In this fast moving world and in the age of technology, these festivals and the food associated with them are what keep us united, grounded and bound to our roots.
 Who is Krithika Sekaran ?

 I am a Recipe preserver and innovator. I view the world through my lenses including the ones I wear ! For me food and festivals are a means of connection to our roots and to our true identity.

Here are my Social handles:

And now Sakhi’s experience of celebrating Makar Sankranti !

Celebrating Makar Sankranti by Sakhi Ravoor !

Harvest Festivals are the most colourful festivals according to me..!!  Fresh Crop,  New dresses,  Big and Colourful  Rangolis (Muggulu) with small dry cow dung cakes (Gobbemmalu), and decorated with Marie gold Flower and with few Incense sticks and yummy yummy Sweets and Savouries and a lot more in our houses..!!


Every year this festival falls on same day as we follow the Solar calendar, whereas all other festivals in South India are celebrated according to the Lunar Calendar !! Sankranti is celebrated for  three days and fourth day would be mainly for non vegetarians!! Bhogi, Makar Sankranti and Kanuma are major days, and in some parts of Telugu states –  Telangana and Andhra, Mukkanuma is also celebrated.

Bhogi is the “ Bonfire day” called as “Bhogi Mantalu”! Below is a representation sourced from Google


                        On this day we burn all the old wooden articles and celebrate by singing songs and putting Rangolis and we eat snacks like Jantikalu ( fryum), Borugula Unda (sweet made out of Jaggery and puffed Rice) and Payasam (Kheer). On the same day evening,  Bhogi Pallu is celebrated.
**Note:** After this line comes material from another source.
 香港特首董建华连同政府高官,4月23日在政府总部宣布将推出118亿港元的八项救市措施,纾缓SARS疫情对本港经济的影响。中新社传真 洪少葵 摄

These are the regi pallu with petals of flower and coins of money, will be put on the heads of Children generally less than 5 years of age to ward off evil eyes !

                     And On Sankranti Day, it is believed that the sun enters the Makara Rashi (Capricorn Zodiac Sign). Special prayers are held in the morning and a new Earthen Pot is decorated  to cook fresh harvested rice with cow milk and Jaggery which then is allowed to overflow (Pongu) , the significance of which is believed that  it leads to a life overflowing with success and longevity!! Sweet and Savoury Pongal are the main varieties of food cooked that day along with Sajja Rottelu or Pearl Millet !
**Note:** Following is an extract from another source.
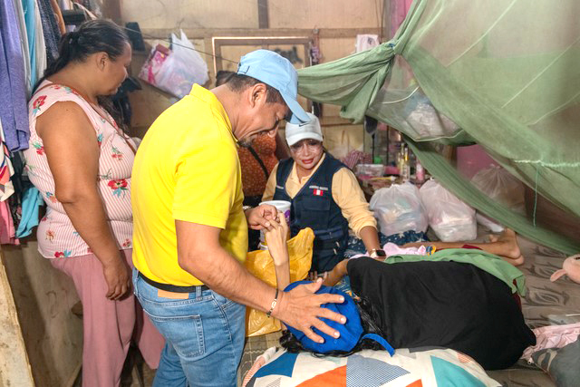 Hasta el domicilio del adolescente llegó el gobernador regional de Loreto, René Chávez Silvano, para expresar personalmente su respaldo. En la visita, entregó una silla de ruedas, víveres, ropa y leche como apoyo inmediato, al tiempo que recogió las preocupaciones de la familia respecto a la continuidad del tratamiento. Su presencia permitió establecer un contacto directo y articular la respuesta institucional desde el lugar de los hechos.

 Haridasu is the special attraction during Sankranti time. Its a tradition where Haridasu comes to every house singing Lord Vishnu (Hari) Songs with completely groomed bullock and people offer him with whatever they can thinking Hari himself has come to their house. In some places on Sankranti day, Bullock races or Rooster fights are organized.

Kanuma is the third day of Sankranti Saga, where in some regions of Andhra and Telengana have a Non-Vegetarian Feast to celebrate while some make offerings of traditional food to their ancestors and celebrate the Fourth day which is Mukkanuma with a Non-Veg Feast ! Overall Sankranti is the festival of everything being fresh and new!

Who is Sakhi Ravoor ?

       I am an Engineer by education, Corporate Yoga trainer and Yoga therapist by Profession! Love for food made me a self taught cook, Recipe Developer, a reviewer and over a period of time a Food Blogger, a Photographer and Food Stylist!